SUPPLIED RECORDS
====================

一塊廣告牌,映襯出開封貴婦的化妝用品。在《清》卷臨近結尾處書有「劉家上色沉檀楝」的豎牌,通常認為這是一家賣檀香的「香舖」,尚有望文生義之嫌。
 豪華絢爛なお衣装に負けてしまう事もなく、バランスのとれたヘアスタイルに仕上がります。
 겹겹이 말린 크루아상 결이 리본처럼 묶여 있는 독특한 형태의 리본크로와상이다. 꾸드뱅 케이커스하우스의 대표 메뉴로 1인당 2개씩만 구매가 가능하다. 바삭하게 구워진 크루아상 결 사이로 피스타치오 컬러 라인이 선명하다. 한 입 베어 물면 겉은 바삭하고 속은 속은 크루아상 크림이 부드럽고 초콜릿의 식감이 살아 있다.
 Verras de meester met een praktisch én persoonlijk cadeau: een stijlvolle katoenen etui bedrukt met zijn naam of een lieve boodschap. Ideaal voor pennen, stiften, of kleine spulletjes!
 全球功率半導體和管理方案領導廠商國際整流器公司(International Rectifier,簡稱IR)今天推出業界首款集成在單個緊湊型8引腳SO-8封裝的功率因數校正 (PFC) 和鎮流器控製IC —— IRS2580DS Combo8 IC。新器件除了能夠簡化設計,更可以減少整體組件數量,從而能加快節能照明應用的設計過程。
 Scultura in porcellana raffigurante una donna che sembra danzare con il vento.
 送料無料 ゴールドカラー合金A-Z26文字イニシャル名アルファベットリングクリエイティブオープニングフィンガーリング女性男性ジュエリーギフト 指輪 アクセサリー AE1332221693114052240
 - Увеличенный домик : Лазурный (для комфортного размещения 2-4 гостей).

====================

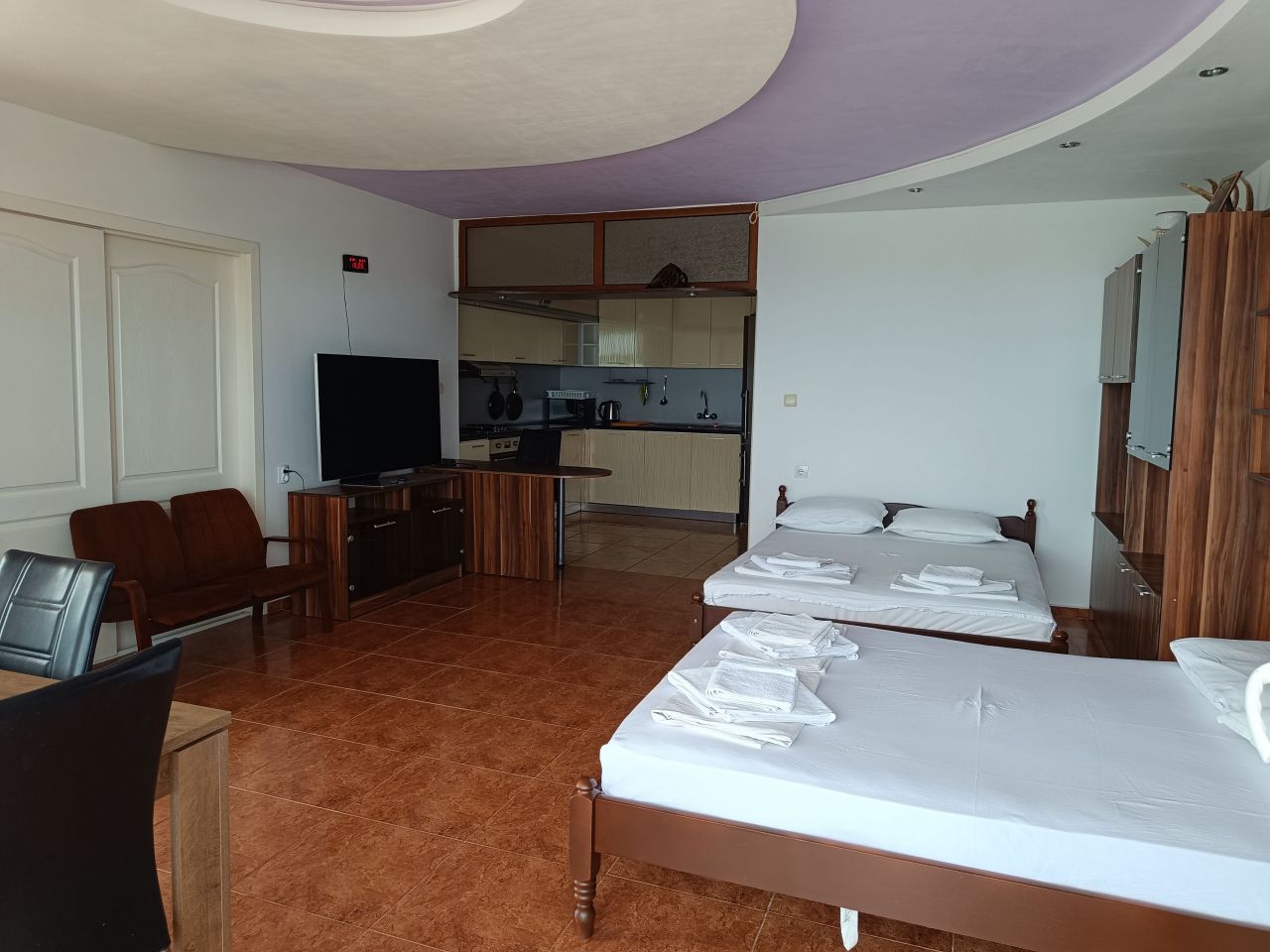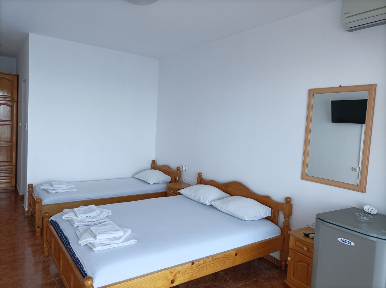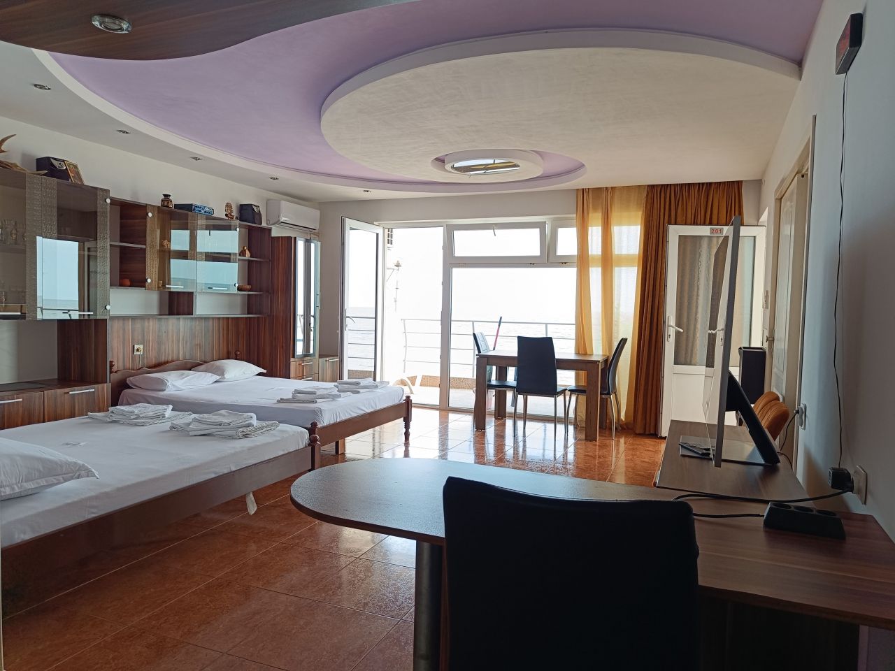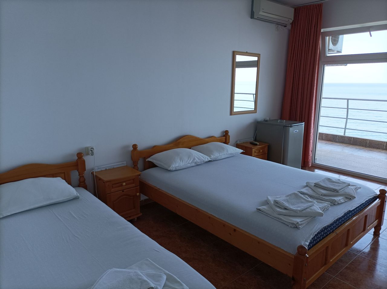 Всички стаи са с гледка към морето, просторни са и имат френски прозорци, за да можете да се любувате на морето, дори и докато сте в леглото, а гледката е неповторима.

====================

WHAT YOU WILL DO
Within the material above, transcribe exactly the lines that run from the line holding "겹겹이 말린 크루아상" through the line holding "Verras de meester".

ANSWER SPACE
 겹겹이 말린 크루아상 결이 리본처럼 묶여 있는 독특한 형태의 리본크로와상이다. 꾸드뱅 케이커스하우스의 대표 메뉴로 1인당 2개씩만 구매가 가능하다. 바삭하게 구워진 크루아상 결 사이로 피스타치오 컬러 라인이 선명하다. 한 입 베어 물면 겉은 바삭하고 속은 속은 크루아상 크림이 부드럽고 초콜릿의 식감이 살아 있다.
 Verras de meester met een praktisch én persoonlijk cadeau: een stijlvolle katoenen etui bedrukt met zijn naam of een lieve boodschap. Ideaal voor pennen, stiften, of kleine spulletjes!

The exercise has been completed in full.